• _What you are asked to do_
Taking only the lines of the data below from the line with "Falda asimétrica, corta" to the line with "- Гардина в душевой перевязана скотчем.", ends included, write them out exactly and without pictures.

• _Information given_
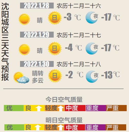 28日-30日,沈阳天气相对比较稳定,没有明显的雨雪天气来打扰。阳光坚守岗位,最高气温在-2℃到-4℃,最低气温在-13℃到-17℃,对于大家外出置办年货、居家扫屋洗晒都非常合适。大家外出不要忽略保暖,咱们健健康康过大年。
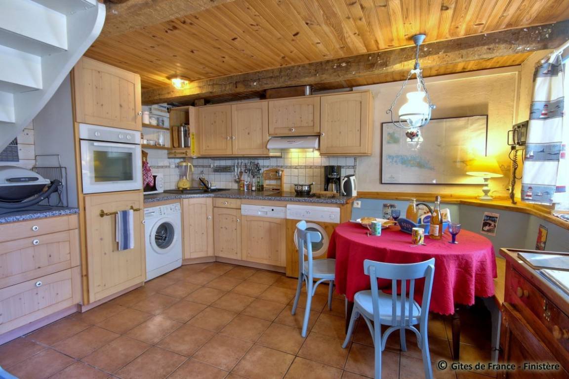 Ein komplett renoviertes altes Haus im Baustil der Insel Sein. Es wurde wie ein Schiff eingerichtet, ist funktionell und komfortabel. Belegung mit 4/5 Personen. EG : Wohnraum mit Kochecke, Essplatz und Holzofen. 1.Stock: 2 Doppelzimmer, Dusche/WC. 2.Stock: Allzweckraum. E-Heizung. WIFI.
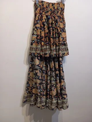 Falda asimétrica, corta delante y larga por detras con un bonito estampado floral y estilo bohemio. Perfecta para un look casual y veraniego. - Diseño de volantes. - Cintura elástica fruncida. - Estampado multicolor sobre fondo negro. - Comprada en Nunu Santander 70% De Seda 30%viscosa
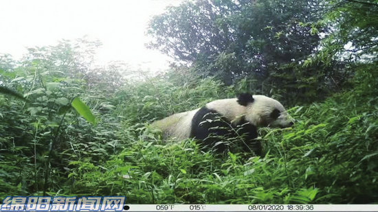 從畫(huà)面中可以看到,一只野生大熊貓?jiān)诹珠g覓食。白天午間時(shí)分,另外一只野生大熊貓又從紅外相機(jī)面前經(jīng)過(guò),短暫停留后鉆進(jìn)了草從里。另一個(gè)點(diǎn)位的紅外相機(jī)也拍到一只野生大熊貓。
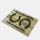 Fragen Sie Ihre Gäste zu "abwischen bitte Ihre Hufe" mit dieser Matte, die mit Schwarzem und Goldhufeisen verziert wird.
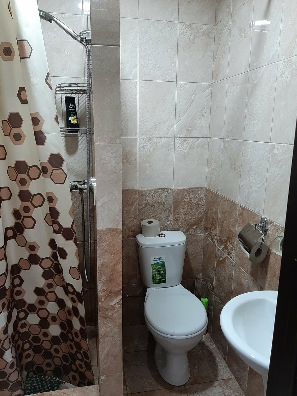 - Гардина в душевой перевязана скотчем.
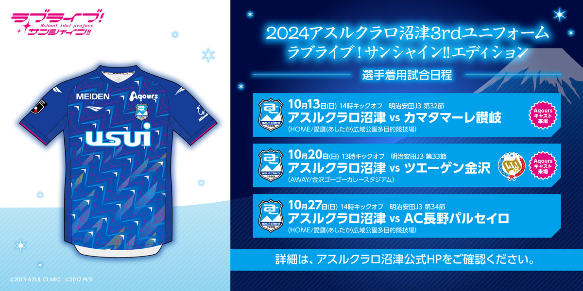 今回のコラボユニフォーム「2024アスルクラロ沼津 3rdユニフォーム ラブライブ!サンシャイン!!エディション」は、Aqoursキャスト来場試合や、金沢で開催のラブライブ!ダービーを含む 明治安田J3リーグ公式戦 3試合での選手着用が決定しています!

• _Result of this task_
 Falda asimétrica, corta delante y larga por detras con un bonito estampado floral y estilo bohemio. Perfecta para un look casual y veraniego. - Diseño de volantes. - Cintura elástica fruncida. - Estampado multicolor sobre fondo negro. - Comprada en Nunu Santander 70% De Seda 30%viscosa
 從畫(huà)面中可以看到,一只野生大熊貓?jiān)诹珠g覓食。白天午間時(shí)分,另外一只野生大熊貓又從紅外相機(jī)面前經(jīng)過(guò),短暫停留后鉆進(jìn)了草從里。另一個(gè)點(diǎn)位的紅外相機(jī)也拍到一只野生大熊貓。
 Fragen Sie Ihre Gäste zu "abwischen bitte Ihre Hufe" mit dieser Matte, die mit Schwarzem und Goldhufeisen verziert wird.
 - Гардина в душевой перевязана скотчем.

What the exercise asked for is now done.